Monday, April 2, 2012

John Baldessari “Throwing Three Balls in the Air to Get a Straight Line (Best of Thirty-Six Attempts),” 1973







Photography is full of shit. Most photos hung in a gallery by an experienced artist could have arguably been taken by anyone capable of clicking a button—five-year-olds and monkeys included. So what makes a photograph transcend above the rest? And when does a picture change from a frozen moment in time to a piece of art?

Being so effortless, it’s easy to force a photo to look arty and thoughtfully inspired. Close ups of flowers, photos of architecture, the Instagram app for iPhones etc., we’ve all seen them. Shooting with a sense of humor, and with a fun and succinct design, Californian conceptualist and photographer John Baldessari’s collection of photos titled “Throwing Three Balls in the Air to Get a Straight Line (Best of Thirty-Six Attempts)” is innovative yet beautiful as it playfully redefines this need for forced beauty in photography.

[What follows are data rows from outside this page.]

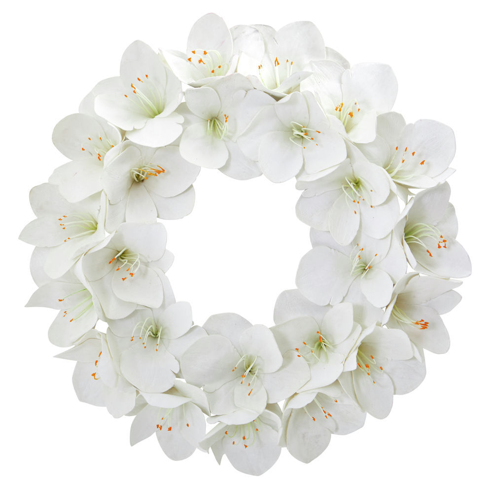 Nearly Natural 24 in. Amaryllis Artificial Wreaths White
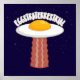 Vetor cartoon ilustra um delicioso e ensolarado OVNI fritado com um raio trator de fatia de bacon com texto EGGSTRATERRESTRIAL. Palavras-chave: ovo, bacon, café da manhã, OVNI, alienígena, ensolarado, lado, desenho animado, espaço, extraterrestre, comida, fofo, gema, ficção científica, ficção, marciano, humor, carne, porco, rapto
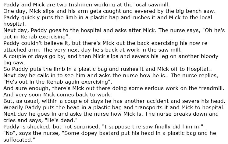 Friday Funny #728 March 07 2025 By Barry Paton | March 7, 2025 - 5:00 am |March 6, 2025 Uncategorized Comments Off on Friday Funny #728 March 07 2025 Two Irishmen Have a safe weekend
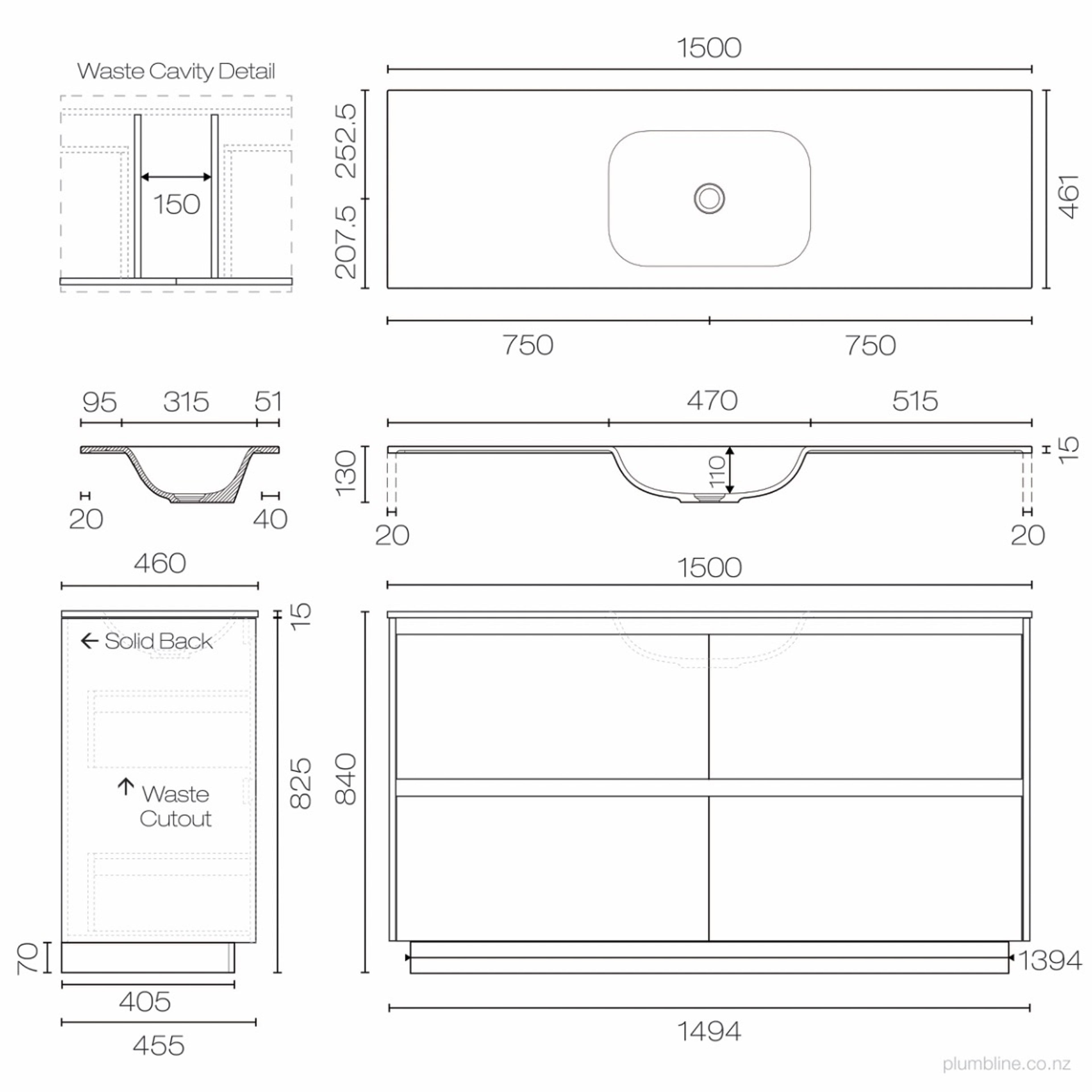 Stanza Spio 1500 4 Drawer Floor Vanity Centre Basin
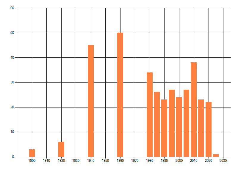 Het aantal atlasblokken (5x5 km) waarin de soort is gemeld binnen een periode van vijf jaar (vanaf 1980) of twintig jaar. Niet gecorrigeerd voor waarnemersinspanning en het aantal doorgegeven waarnemingen kan sterk variëren per periode, dus een trend in verspreiding kan hier niet direct uit worden afgelezen. Het opgegeven jaartal is het eerste jaar van de periode. Bron: gevalideerde waarnemingen uit de NDFF.
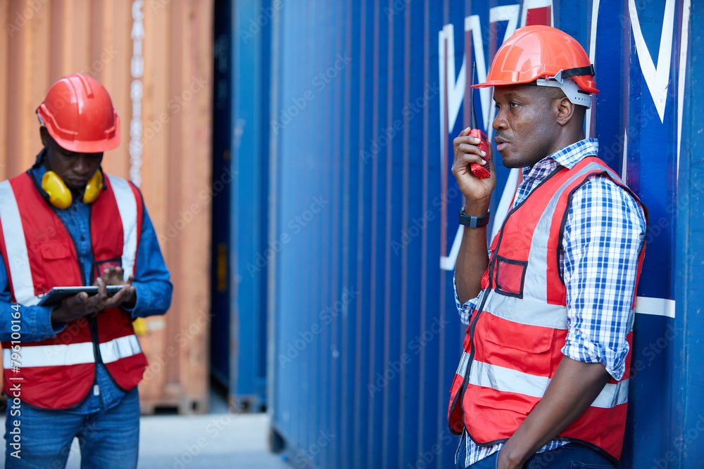 African factory worker or engineer using walkie talkie and talking about work in containers warehouse storage
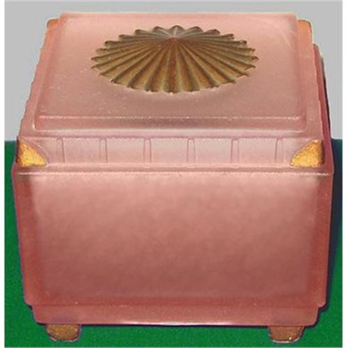 </font></strong>Produced by Taussaunt circa 1930s this gold footed pink frosted glass powder jar is known as SUNBURST and is shown on pg 57 in Margaret Whitmyer - Bedroom & Bathroom Glassware of the Depression Years. It measures about 3 7/8 x 3 7/8 x 2 inches deep. There is gold painted tips on each corner of the lid and a gold painted star burst design on the top. Slight wear to the gold paint but otherwise in excellent condition</font>
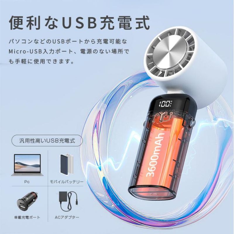 首掛け扇風機・手持ち扇風機・卓上扇風機・首掛けクーラー・スマホスタンドなどのひとりひとりの良いとこ取りをした手持ちクーラー扇風機。 付属品にストラップも付き、瞬間首掛け扇風機になれますので、優れる多様性です。
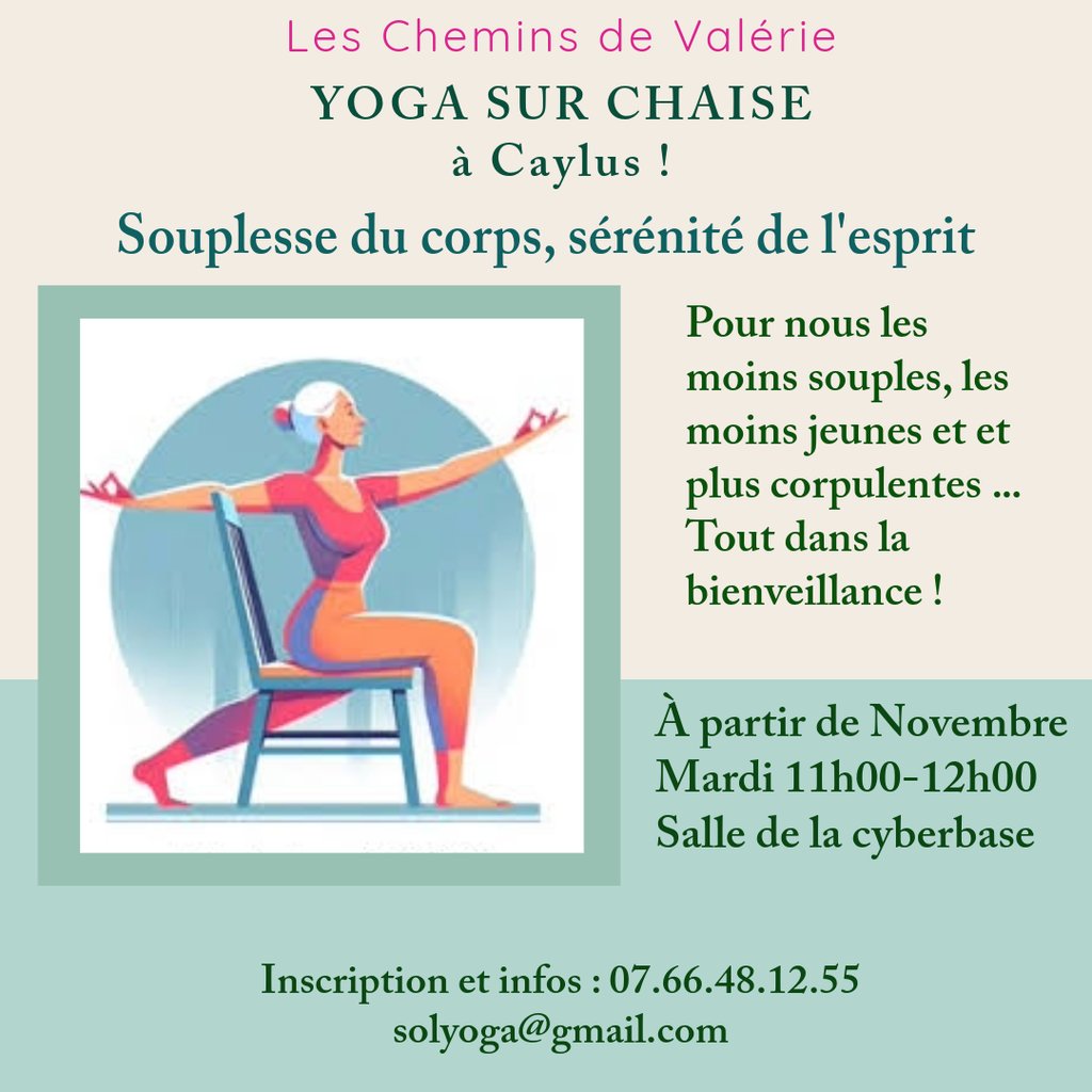- MARDI : Yoga sur chaise avec Sol OLSSON 11h - 12h renseignements 07.66.48.12.55
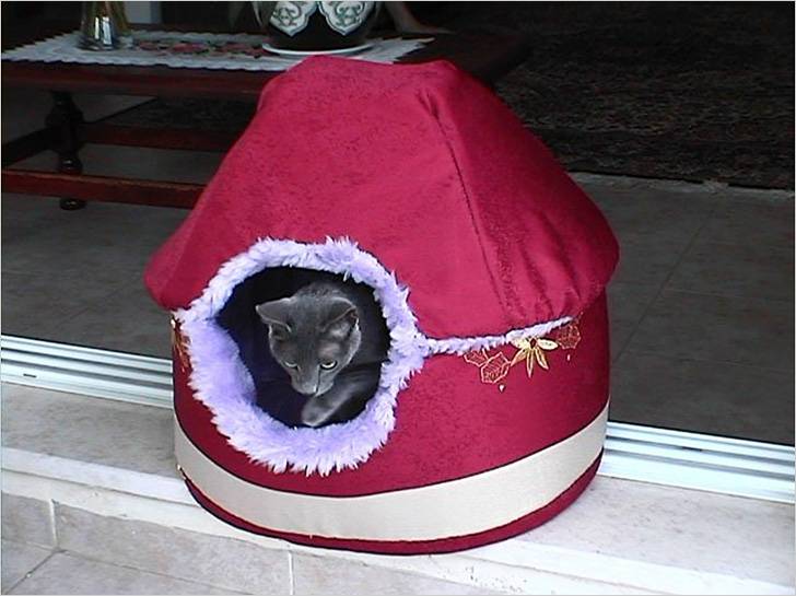 Сделать лежанку для кошки своими руками, напоминающий небольшой домик несложно. Понадобятся: флисовое полотно 1.5х1.5 м, синтепоновая прокладка 1.5х1.5 м, гибкий мощный шнур для крыши, швейные принадлежности.
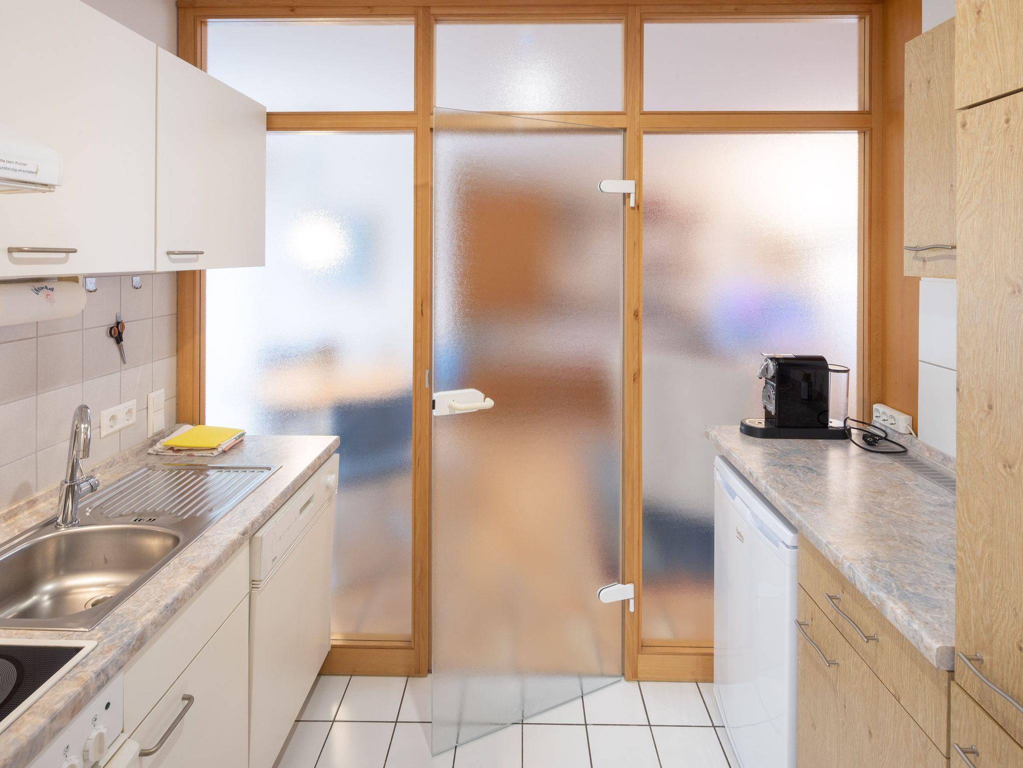 Kochnische mit Ceran-Kochfeld, Backofen, Spülmaschine, Mikrowelle, Kaffee- und
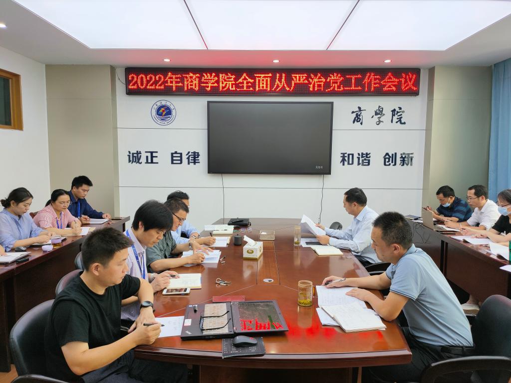 为加强党风廉政建设,持续改进工作作风,推进工作全面落实,商学院党委于8月31日下午召开全面从严治党专题会议,全体院领导、支部书记、系主任、部门负责人等20余人参加会议,会议由我院党委书记万金店主持。
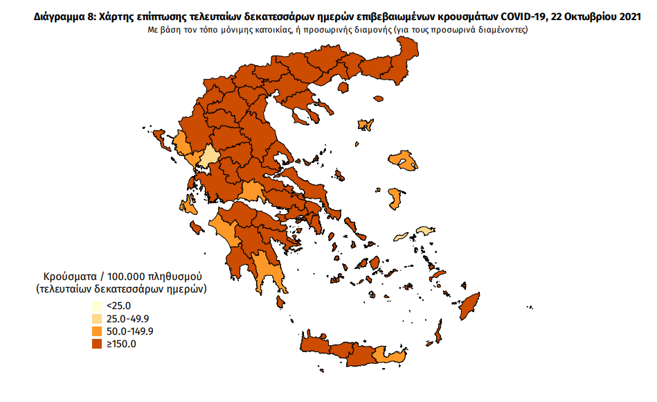 Με βάση τα επιβεβαιωμένα κρούσματα των τελευταίων 7 ημερών, 153 θεωρούνται σχετιζόμενα με ταξίδι από το εξωτερικό και 3.107 είναι σχετιζόμενα με ήδη γνωστό κρούσμα.
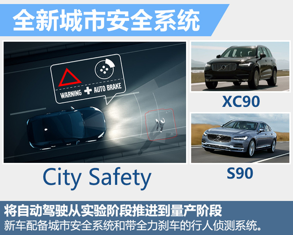 沃尔沃官方表示,应保留人类驾驶汽车的选择权。相对于无人驾驶完全接管车辆的做法,沃尔沃认为自动驾驶可以让人们畅享驾驶乐趣,并在极端条件下通过人工操作提升安全性和可靠性,从而最大程度保障驾乘者的安全。目前沃尔沃已经将自动驾驶从实验阶段推进到量产阶段。在全新SPA整车平台上生产的XC90和S90均配备了City Safety城市安全系统,包括之前的城市安全系统以及带碰撞警告及全力刹车的行人侦测系统。

For the past 53 years Baldessari, now 81, has been poking his finger in the eye of the contemporary art world. He has challenged art’s unspoken rules by testing what would happen if these lines were more blurred, and exploring their reasons for existence. He is a genius at stripping things of their normality—their context, order of being experienced—and then seeing what comes of it. Always asking ‘why?’ is an important quality for artists to have while creating their art, but Baldessari looks at the entire scope of art as it is and asks this same question: why must we take photos of the beautiful things in order to make beautiful art? Why not find beauty in odd places? This gets the gears in your mind churning and gets you to look at simple things in a new way—a specific quality that takes art from lackluster to intelligently successful. And as a result, Baldessari has been able to experience the world in a way that is not preconceived and to see profound connections that others aren’t even looking for.

This idea of reconstructing normality is seen through Baldessari’s collection “Throwing Three Balls in the Air to Get a Straight Line (Best of Thirty-Six Attempts).” The artist’s series of work captures his attempts at throwing three balls in the air to make a straight line—an absurdist idea—looking at non-conventional forms of order, seeing what happens when he tries each new method. Thirty-six being the number of frames in a typical role of 35mm camera film, the collection shows 12 of the best in Baldessari’s trials.
 
Though the resultant images are merely a documentation of Baldessari’s ball game, they also border on abstract imagery and resemble his later paint and graphic design works, using circle shapes and pops of color.  Visually, the simplicity of the layout combined with the complimentary color combination in the subject, the blue sky and orange balls, is pleasing to the eye. And without feeling a need to make these photos more complicated to be successful, the photos stand strong with only the few elements in the space.

Through arbitrarily tossing balls in the air to express new out-of-the-box philosophies and finding art in the trial-and-error process, Baldessari achieves the near-impossible: showing us that photography can push boundaries, make you think, evoke emotion, strike a nerve, and actually be art.

 “Beauty is a by-product,” Baldessari explained in an interview with Seesaw Magazine, “Each time an artist does something, you get better and better at making beauty, so why work at it?  Why not something else?”